Interesting study published just the other day demonstrating afrezza improved prandial glucose control over novolog.
I just happened to stumble upon this right after reading your post
Interesting study published just the other day demonstrating afrezza improved prandial glucose control over novolog.
I just happened to stumble upon this right after reading your post
Interesting study, @Sam!
Imho it deserves it’s own thread. Would you mind starting one with it?
I came back and read through the study. Thanks so much for posting this @Sam. I found a lot of comfort in reading this:
“The baseline or end-of-the-study FEV1 did not differ by treatment group.”
I found it interesting that the exclusion criteria included using Levemir.
" Major exclusion criteria included: pregnancy, any pulmonary disease, severe hypoglycemia that required assistance in the last 3 months, currently smoking or marijuana use, using insulin detemir or Neutral Protamine Hagedorn (NPH) as basal insulin, and a need for >18 U of prandial insulin per meal (Table 1)."
I was surprised that they used a 1:1 conversion for determining mealtime insulin (see Table 2 of the study). The correction doses are exactly in line with what I would use though. Later in the results portion of the study it looks like the doses were increased: " Equivalent TI units are generally 1.5 to 2.0 times the injectable insulin units to reach a similar potency in clinical practice.19,20 Bolus doses in the TI group increased about two-fold in this study, consistent with the expected dose conversion ratio based on GIR data."
The % of time in range is low though across all groups (defined as between 70-180).

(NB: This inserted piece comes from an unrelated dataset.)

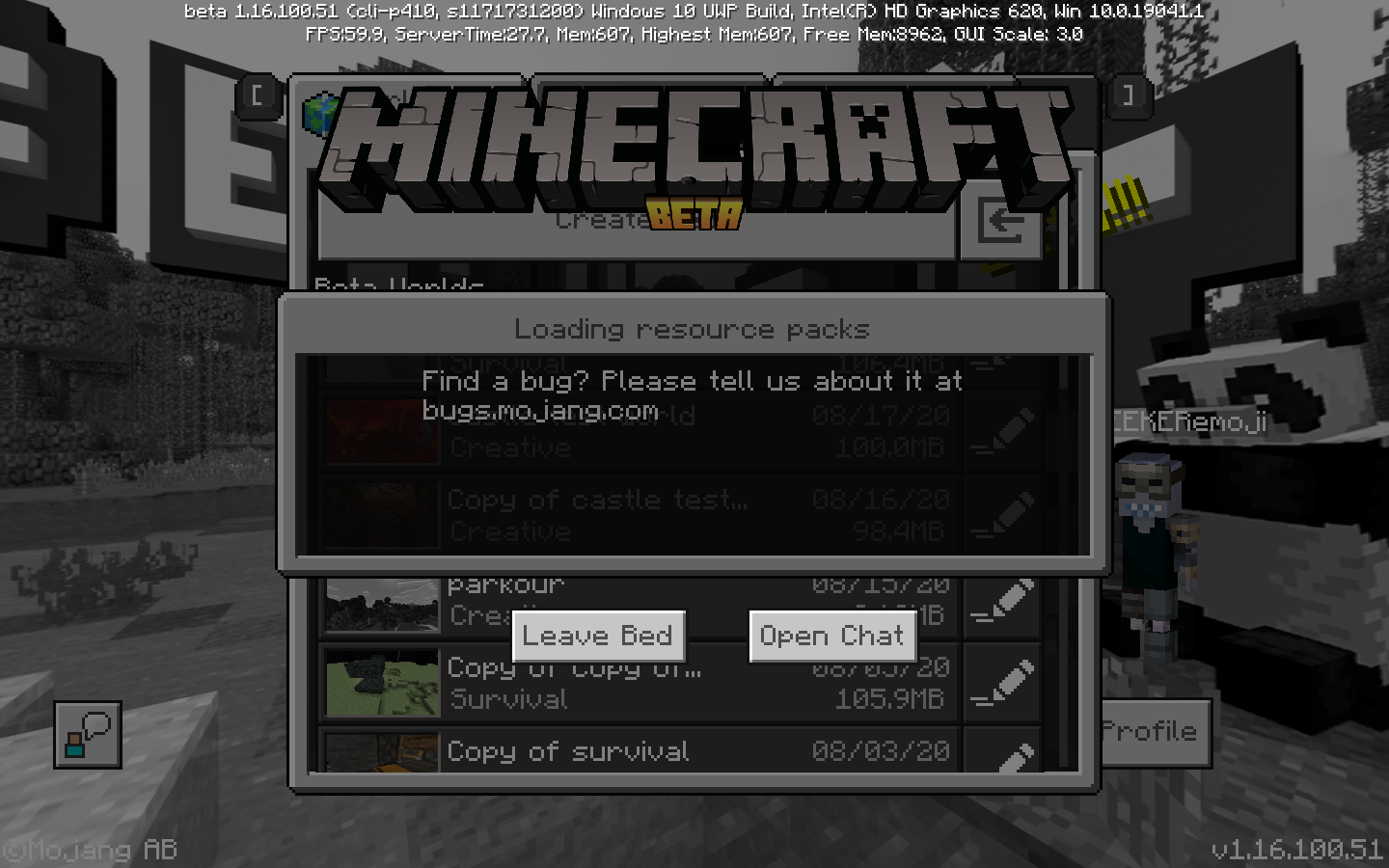 when entering my world i would appear in a bed, but the rest of the screen was black. if i clicked open chat or leave bed it would return to the MC home screen but parts of the previous screen was still there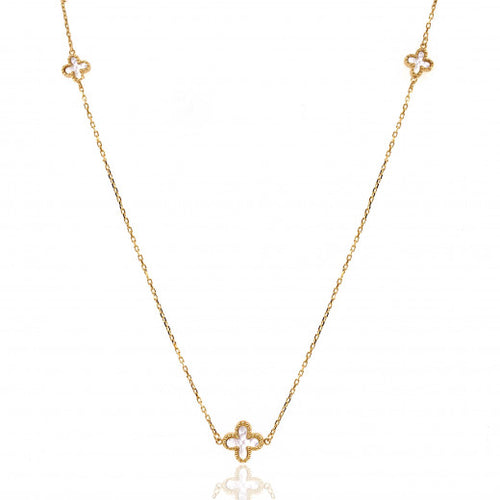 9ct Gold Mother Of Pearl Trefoil Station Necklace

See graphs below.
“Patients were defined as compliant if ±90% of postmeal TI dosages were taken per protocol, with at least one of the postmeal inhalations taken if indicated per meal. The purpose of this posthoc analysis was to generate hypotheses and plan for a future, larger clinical trial.”
Looks like their results showed no weight gain! Maybe they didn’t treat themselves as much as I did
…the study was funded by Mannkind, so we may need to take the results with a grain of salt.
Somehow we never split this thread… Great study!